Finch supports a wide variety of array structure beyond sparsity. Whether you're dealing with custom background (zero) values, run-length encoding, or matrices with special structures like banded or triangular matrices, Finch’s compiler can understand and optimize various data patterns and computational rules to adapt to the structure of data.

Feature/Structure | Example Usage |
---|---|

Major Sparse Formats and Structured Arrays | `A = Tensor(Dense(SparseList(Element(0.0)), 3, 4)` |

Background Values Other Than Zero | `B = Tensor(SparseList(Element(1.0)), 9)` |

Broadcasts and Reductions | `sum(A .* B)` |

User-Defined Functions | `x[] <<min>>= y[i] + z[i]` |

Multiple Outputs | `x[] <<min>>= y[i]; z[] <<max>>= y[i]` |

Multicore Parallelism | `for i = parallel(1:100)` |

Conditionals | `if dist[] < best_dist[]` |

Affine Indexing (e.g. Convolution) | `A[i + j]` |

Finch.jl helps you write sparse code for unusual or specific problems that don't have existing library solutions. Finch lets you outline a high-level plan and then compiles it into efficient code, making your task much easier.

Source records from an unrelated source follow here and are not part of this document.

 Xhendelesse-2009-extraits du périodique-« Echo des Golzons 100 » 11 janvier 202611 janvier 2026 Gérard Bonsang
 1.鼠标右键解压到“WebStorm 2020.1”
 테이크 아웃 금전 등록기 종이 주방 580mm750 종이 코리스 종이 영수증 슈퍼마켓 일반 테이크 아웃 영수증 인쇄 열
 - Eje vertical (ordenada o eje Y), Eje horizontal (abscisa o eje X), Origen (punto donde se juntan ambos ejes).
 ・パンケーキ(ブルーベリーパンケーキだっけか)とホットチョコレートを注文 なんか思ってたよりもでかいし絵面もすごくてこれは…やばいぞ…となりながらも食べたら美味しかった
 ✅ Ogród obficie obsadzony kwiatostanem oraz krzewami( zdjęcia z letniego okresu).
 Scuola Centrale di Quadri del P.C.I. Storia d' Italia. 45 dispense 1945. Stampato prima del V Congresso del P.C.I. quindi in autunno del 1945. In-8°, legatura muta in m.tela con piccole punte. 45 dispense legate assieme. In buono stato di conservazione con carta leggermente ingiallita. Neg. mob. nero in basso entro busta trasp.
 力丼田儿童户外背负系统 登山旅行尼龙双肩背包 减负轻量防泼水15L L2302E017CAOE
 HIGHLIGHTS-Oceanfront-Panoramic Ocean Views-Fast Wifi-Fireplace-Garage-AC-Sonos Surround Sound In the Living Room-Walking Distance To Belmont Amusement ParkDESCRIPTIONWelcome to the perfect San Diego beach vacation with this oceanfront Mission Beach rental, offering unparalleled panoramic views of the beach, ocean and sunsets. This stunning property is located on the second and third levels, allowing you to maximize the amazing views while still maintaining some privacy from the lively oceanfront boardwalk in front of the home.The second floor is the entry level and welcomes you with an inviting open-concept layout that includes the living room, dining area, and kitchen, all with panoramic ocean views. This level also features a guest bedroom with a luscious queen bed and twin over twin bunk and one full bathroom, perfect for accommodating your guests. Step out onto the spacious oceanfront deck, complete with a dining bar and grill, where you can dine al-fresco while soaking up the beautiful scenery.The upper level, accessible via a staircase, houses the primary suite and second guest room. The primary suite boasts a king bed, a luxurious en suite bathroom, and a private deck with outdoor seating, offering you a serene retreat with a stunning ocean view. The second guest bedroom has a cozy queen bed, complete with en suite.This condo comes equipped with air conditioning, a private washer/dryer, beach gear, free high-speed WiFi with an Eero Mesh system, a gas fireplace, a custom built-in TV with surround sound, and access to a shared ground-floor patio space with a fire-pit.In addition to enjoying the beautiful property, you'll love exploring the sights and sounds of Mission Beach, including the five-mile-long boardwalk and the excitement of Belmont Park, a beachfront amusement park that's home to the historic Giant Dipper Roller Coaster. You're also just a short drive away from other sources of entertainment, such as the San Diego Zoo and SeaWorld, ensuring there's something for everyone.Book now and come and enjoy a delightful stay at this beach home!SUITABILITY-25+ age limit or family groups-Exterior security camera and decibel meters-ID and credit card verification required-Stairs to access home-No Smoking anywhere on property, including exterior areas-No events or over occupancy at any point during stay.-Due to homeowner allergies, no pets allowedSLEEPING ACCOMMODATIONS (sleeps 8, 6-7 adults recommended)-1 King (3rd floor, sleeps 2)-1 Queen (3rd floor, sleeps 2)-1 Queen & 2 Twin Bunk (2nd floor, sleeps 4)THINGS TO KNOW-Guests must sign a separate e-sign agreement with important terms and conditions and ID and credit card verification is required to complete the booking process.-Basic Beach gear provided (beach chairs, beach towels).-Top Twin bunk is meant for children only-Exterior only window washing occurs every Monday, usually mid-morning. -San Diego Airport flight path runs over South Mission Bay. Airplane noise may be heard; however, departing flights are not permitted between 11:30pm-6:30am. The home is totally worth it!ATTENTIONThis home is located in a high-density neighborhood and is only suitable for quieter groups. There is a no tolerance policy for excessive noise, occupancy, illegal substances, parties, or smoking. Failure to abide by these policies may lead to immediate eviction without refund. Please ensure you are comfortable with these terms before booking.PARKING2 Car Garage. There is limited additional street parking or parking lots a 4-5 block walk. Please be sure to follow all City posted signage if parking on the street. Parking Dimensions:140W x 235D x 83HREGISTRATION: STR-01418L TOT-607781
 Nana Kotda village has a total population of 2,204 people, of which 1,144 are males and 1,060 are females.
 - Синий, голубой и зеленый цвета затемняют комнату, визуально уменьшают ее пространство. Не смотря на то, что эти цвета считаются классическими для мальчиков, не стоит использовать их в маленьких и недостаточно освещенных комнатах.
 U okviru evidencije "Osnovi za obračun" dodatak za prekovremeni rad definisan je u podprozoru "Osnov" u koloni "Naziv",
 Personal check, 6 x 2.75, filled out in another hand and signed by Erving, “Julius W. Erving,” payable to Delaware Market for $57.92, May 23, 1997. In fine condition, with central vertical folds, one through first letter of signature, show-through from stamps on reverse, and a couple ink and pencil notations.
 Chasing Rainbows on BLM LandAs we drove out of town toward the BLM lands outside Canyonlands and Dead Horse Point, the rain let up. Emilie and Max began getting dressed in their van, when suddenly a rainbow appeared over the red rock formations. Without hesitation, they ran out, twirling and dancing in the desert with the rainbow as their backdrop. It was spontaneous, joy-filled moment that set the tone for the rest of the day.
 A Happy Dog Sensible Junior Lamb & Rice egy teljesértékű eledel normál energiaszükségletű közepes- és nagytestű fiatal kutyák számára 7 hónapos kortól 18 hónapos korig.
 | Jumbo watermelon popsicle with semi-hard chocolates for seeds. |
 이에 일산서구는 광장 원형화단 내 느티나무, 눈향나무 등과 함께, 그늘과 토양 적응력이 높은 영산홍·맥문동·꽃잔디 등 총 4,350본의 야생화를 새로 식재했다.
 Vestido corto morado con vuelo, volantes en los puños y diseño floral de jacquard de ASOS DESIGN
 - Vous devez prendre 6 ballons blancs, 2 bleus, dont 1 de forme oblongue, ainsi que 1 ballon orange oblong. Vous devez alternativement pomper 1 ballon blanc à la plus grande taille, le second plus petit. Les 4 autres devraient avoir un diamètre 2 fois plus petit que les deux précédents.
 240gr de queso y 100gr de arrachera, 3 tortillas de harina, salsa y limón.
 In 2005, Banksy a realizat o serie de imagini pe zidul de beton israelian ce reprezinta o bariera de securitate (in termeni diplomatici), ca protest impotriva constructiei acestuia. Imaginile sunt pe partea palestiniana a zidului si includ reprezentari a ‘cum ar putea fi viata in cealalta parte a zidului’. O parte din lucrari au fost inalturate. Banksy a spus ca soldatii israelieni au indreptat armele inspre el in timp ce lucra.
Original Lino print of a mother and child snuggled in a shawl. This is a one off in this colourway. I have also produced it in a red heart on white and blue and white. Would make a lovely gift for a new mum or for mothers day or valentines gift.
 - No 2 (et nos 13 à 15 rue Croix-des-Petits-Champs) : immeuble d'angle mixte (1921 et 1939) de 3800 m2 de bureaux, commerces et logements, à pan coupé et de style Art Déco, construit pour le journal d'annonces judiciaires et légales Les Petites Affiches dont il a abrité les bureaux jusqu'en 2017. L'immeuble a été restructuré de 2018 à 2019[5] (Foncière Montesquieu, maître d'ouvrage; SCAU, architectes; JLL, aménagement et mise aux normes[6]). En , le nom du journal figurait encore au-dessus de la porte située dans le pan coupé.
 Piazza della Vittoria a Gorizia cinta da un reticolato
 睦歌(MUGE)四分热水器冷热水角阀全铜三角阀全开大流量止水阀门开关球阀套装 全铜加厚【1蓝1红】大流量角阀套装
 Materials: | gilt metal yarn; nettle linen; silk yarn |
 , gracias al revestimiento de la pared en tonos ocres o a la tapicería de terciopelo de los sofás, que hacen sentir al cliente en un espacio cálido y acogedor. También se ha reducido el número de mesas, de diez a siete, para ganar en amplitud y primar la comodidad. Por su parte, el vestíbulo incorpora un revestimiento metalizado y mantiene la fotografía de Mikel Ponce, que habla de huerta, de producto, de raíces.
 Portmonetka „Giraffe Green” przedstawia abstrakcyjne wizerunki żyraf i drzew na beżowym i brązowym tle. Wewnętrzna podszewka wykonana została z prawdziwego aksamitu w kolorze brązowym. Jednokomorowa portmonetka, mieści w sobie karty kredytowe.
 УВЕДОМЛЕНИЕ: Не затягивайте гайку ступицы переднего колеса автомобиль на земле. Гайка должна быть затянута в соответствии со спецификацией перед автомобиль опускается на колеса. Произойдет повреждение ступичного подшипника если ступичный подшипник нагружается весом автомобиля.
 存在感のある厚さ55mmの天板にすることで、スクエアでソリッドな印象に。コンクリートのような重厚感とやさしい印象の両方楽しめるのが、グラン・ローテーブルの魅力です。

Finch makes it easier to implement a new array type (e.g. blocked, padded, ragged, etc...). You can use the Finch tensor interface to describe the structure of the array, and Finch will take care of creating a full implementation. This includes functionalities like getindex, map, reduce, and more, all of which will work inside other Finch kernels.

Finch is flexible and supports many convenient sparse array operations. The formats in Finch can adapt to many use cases, and it supports high-level commands like broadcast and reduce, as well as fused execution. By understanding how Finch generates implementations, you can get decent performance for a variety of problems.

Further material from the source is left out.